*WHAT THIS TASK INVOLVES:* Using the data below, reproduce exactly the lines from the line with "Using a 3 inch" to the line with "У меня в списке", both included; pictures must be dropped.

*RECORD SET:*
== == ==
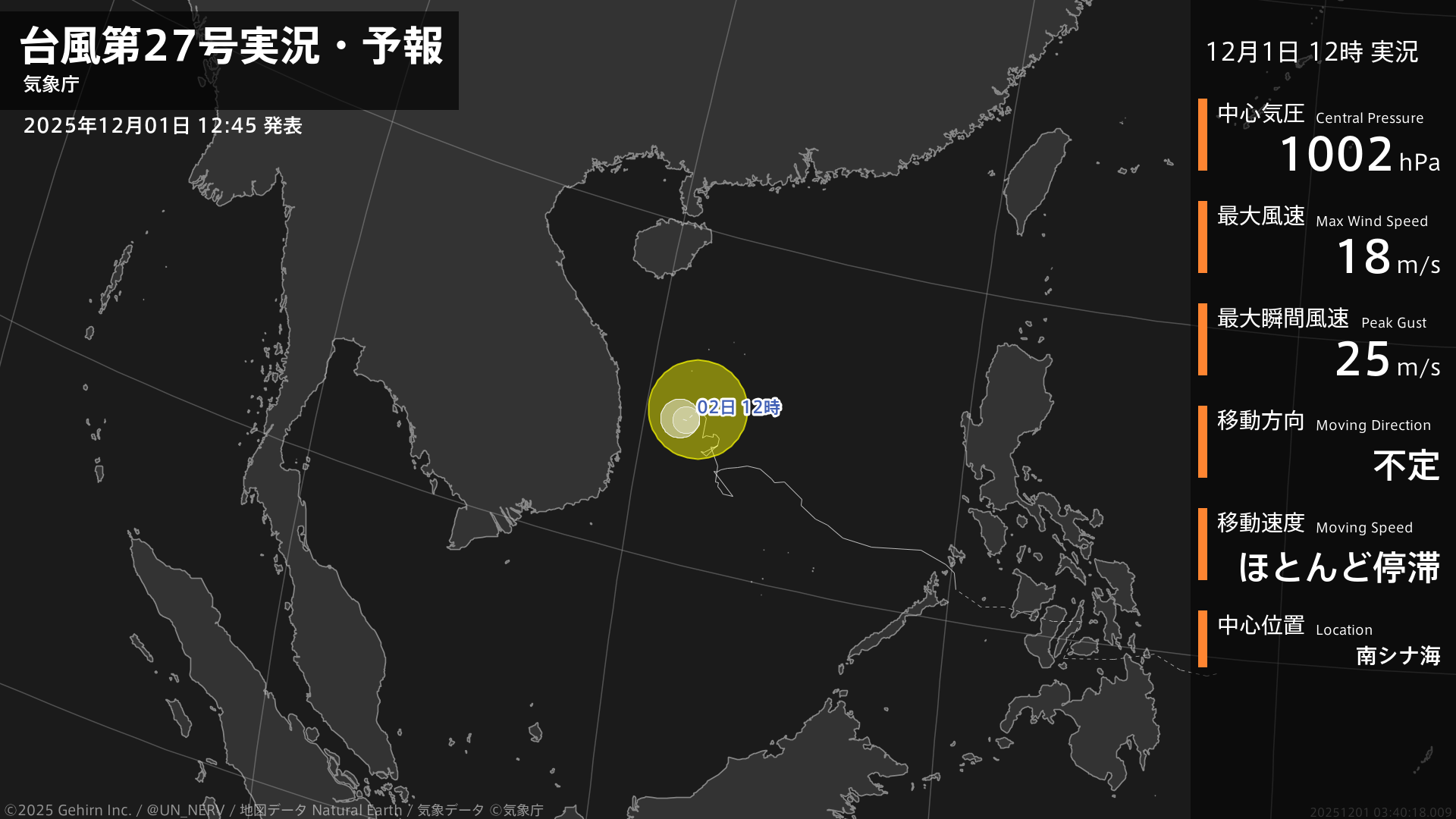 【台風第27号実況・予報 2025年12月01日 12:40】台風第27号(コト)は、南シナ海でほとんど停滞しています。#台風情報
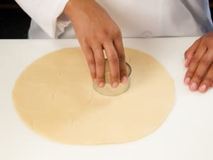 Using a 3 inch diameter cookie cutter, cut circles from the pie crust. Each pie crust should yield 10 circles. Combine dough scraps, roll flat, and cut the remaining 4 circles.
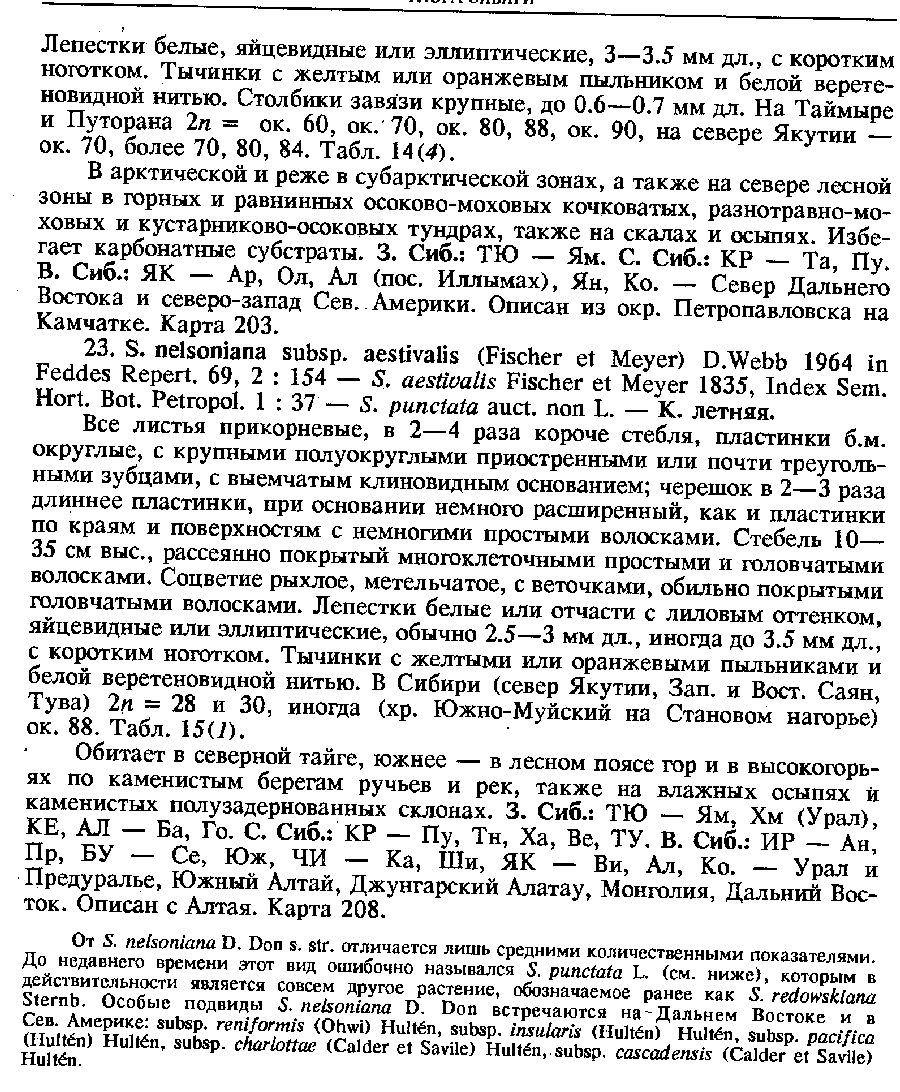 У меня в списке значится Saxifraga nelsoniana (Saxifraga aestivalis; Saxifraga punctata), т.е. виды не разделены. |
== == ==
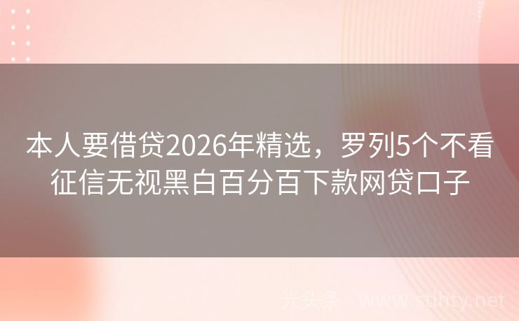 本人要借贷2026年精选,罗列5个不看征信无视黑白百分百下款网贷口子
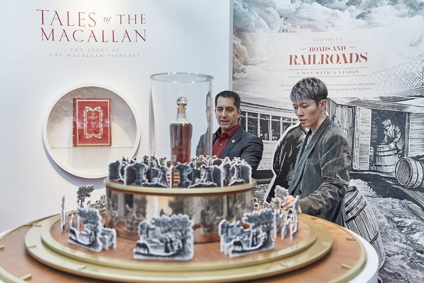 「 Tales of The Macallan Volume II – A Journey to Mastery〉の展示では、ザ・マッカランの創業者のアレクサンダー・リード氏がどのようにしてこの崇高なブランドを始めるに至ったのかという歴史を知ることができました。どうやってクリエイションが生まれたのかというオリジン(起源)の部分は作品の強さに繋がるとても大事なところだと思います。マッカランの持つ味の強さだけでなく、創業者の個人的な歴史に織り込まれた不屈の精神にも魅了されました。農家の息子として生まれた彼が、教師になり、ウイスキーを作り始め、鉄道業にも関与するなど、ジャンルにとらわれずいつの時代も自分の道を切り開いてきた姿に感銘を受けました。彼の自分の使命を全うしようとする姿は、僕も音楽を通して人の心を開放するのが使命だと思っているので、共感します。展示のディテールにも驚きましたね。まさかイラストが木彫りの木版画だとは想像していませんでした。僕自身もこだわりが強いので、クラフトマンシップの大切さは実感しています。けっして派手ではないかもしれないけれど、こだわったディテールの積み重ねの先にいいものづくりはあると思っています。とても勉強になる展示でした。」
== == ==
*RESULT FOR THIS EXERCISE:*
 Using a 3 inch diameter cookie cutter, cut circles from the pie crust. Each pie crust should yield 10 circles. Combine dough scraps, roll flat, and cut the remaining 4 circles.
 У меня в списке значится Saxifraga nelsoniana (Saxifraga aestivalis; Saxifraga punctata), т.е. виды не разделены. |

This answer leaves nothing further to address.